▼

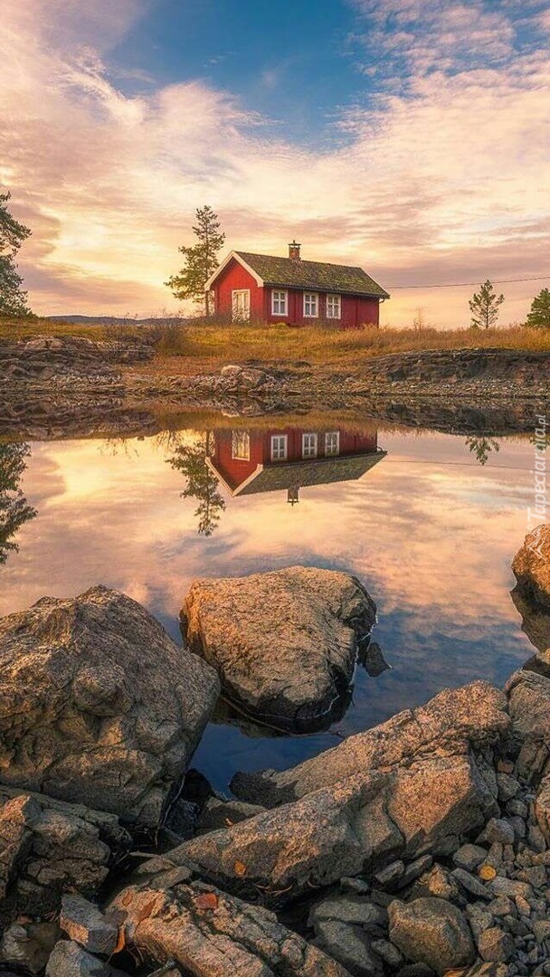 Edytor tapety: Mały domek nad norweskim jeziorem Vaeleren
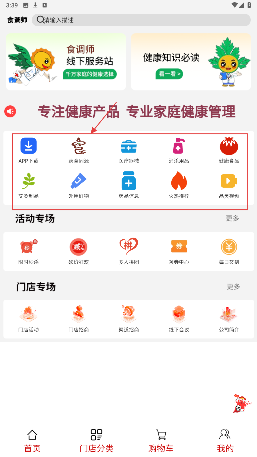 1、进入首页,通过【药食同源】分类,快速定位养生产品板块,开启健康选购。
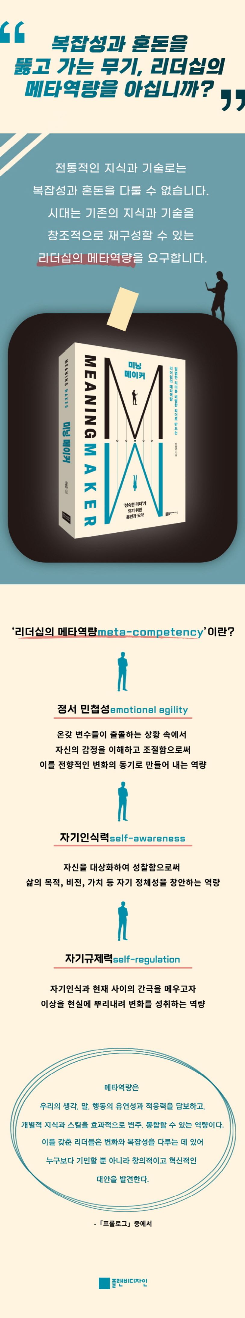 책 『미닝 메이커』는 평범한 리더를 ‘성숙한 리더’로 만드는 훈련과 도약에 관한 내용을 담고 있다. 수시로 상황이 급변하고 위기가 돌출하는 현대 사회에서 리더가 반드시 갖춰야 할 ‘메타역량(meta-competency)’이 무엇인지 상세히 소개한다. 자신이 어떠한 리더인지 끝없이 자문하고 성찰과 숙고를 통한 행동의 변화를 이끌어 내어, 조직 전체의 발전을 선도하는 ‘성숙의 리더십’이 무엇인지를 심도 있는 연구를 바탕으로 제시해 나간다.

▲

• _TASK TO CARRY OUT_
The line containing "1、进入首页,通过【药食同源】分类,快速定位养生产品板块,开启健康选购。" and every line after it, through the end of the data, are to be output exactly. Omit the pictures.

• _OUTPUT FOR THIS EXERCISE_
 1、进入首页,通过【药食同源】分类,快速定位养生产品板块,开启健康选购。
 책 『미닝 메이커』는 평범한 리더를 ‘성숙한 리더’로 만드는 훈련과 도약에 관한 내용을 담고 있다. 수시로 상황이 급변하고 위기가 돌출하는 현대 사회에서 리더가 반드시 갖춰야 할 ‘메타역량(meta-competency)’이 무엇인지 상세히 소개한다. 자신이 어떠한 리더인지 끝없이 자문하고 성찰과 숙고를 통한 행동의 변화를 이끌어 내어, 조직 전체의 발전을 선도하는 ‘성숙의 리더십’이 무엇인지를 심도 있는 연구를 바탕으로 제시해 나간다.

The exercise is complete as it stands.